X <- read.csv('data.csv')
k = 5 # number of folds
fold_size <-nrow(X)/k
indices <- rep(1:k,rep(fold_size,k))
id <- sample(indices, replace = FALSE) # random draws without replacement
log_models <- new.env(hash=T, parent=emptyenv())
for (i in 1:k){
train <- X[id != i,]
test <- X[id == i,]
# run algorithm, e.g. logistic regression
log_models[[as.character(i)]] <- glm(outcome~., family="binomial", data=train)
}
The sperrorest package provides this ability. You can choose between a random split (partition.cv()), a spatial split (partition.kmeans()), or a split based on factor levels (partition.factor.cv()). The latter is currently only available in the Github version.
Example:
library(sperrorest)
data(ecuador)
## non-spatial cross-validation:
resamp <- partition.cv(ecuador, nfold = 5, repetition = 1:1)

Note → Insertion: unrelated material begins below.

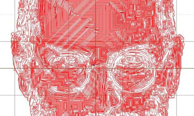 Ejecutar autotrace en la imagen disminuida y ahora tienes un conjunto de vectores que pueden rayar el dibujo un pixel del contorno. Mantenga repitiendo este paso hasta que la imagen se ha reducido a nada, y usted encontrará que ha arañado a todo el interior de área de todas las partes blancas del dibujo de mapa de bits original. La imagen de arriba muestra los trazados vectoriales de una parte de la imagen - zoom en un lote para que puedas ver cada línea.

# first repetition, second fold, test set indices:
idx <- resamp[['1']][[2]]$test
# test sample used in this particular repetition and fold:
ecuador[idx , ]
If you have a spatial data set (with coords), you can also visualize your generated folds
# this may take some time...
plot(resamp, ecuador)
Cross-validation can then be performed using sperrorest() (sequential) or parsperrorest() (parallel).